Thus the four-vector \(I^j\) can be shortly rewritten as

$$\begin{aligned} I^j = T \left[ \frac{\partial \Phi _*}{\partial \omega } \left( {\bar{\psi }}\gamma ^j \psi \right) + \frac{\partial \Phi _*}{\partial \Omega } \left( {\bar{\psi }}\gamma ^5 \gamma ^j \psi \right) \right] . \end{aligned}$$
(18)

The function \(T=T(\phi , \Phi _*)\) takes zero value, when the axions are in the equilibrium state, \(\phi {=} n \Phi _*\), and the integer n, describing the serial number of the equilibrium level, is arbitrary.

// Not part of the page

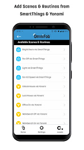Setelah Anda memasangkan OmniFob dengan aplikasi dan terhubung ke hub dan perangkat yang kompatibel, perangkat dan rutinitas / adegan muncul di aplikasi Keyport untuk Anda pilih. Setelah dipilih, ini muncul di OmniFob untuk Anda kontrol.

2.3.2 Equations for the axion field

Variation of the action functional (1) with respect to the axion field gives the equation

$$\begin{aligned} \nabla ^k \nabla _k \phi = - \frac{m^2_A \Phi _{*}}{2\pi } \sin {\left( \frac{2 \pi \phi }{\Phi _{*}}\right) } . \end{aligned}$$
(19)

The spinor field predetermines the structure of the function \(\Phi _*(S,P,H,\Omega )\), and thus it regulates the behavior of the axion field.

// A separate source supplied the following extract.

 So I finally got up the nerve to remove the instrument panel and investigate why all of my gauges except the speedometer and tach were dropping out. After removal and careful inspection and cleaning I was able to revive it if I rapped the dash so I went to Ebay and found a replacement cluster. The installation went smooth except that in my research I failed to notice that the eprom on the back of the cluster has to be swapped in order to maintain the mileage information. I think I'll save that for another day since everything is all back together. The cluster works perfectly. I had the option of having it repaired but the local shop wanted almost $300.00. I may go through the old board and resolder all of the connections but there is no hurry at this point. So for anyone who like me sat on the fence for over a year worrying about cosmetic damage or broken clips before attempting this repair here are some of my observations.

2.3.3 Equations for the spinor field

Variation of the action functional (1) with respect to the quantities \({\bar{\psi }}\) and \(\psi \) gives, respectively,

$$\begin{aligned} i\gamma ^{n} D_{n}\psi - M \psi =0 , \quad i D_{n}{{\bar{\psi }}}\gamma ^{n} + {{\bar{\psi }}} M = 0 , \end{aligned}$$
(20)

where the matrix M is presented by the formula

$$\begin{aligned} M&= m E - T\nonumber \\&\quad \times \left[ \frac{\partial \Phi _*}{\partial S} E + \frac{\partial \Phi _*}{\partial P} \gamma ^5 + \left( \frac{\partial \Phi _*}{\partial \omega } E + \frac{\partial \Phi _*}{\partial \Omega } \gamma ^5 \right) U_k \gamma ^k \right] .\nonumber \\ \end{aligned}$$
(21)

If we consider the effective mass as the scalar function, we can use the formula

$$\begin{aligned}&\langle M\rangle \equiv \frac{({\bar{\psi }} M \psi )}{({\bar{\psi }}\psi )} \nonumber \\&\quad = m - \frac{T}{S} \left[ S \frac{\partial \Phi _*}{\partial S} + P \frac{\partial \Phi _*}{\partial P} + \omega \frac{\partial \Phi _*}{\partial \omega } + \Omega \frac{\partial \Phi _*}{\partial \Omega } \right] . \end{aligned}$$
(22)

According to (20), (21) the axion field \(\phi \) and the aether velocity form an effective mass of the spinor field.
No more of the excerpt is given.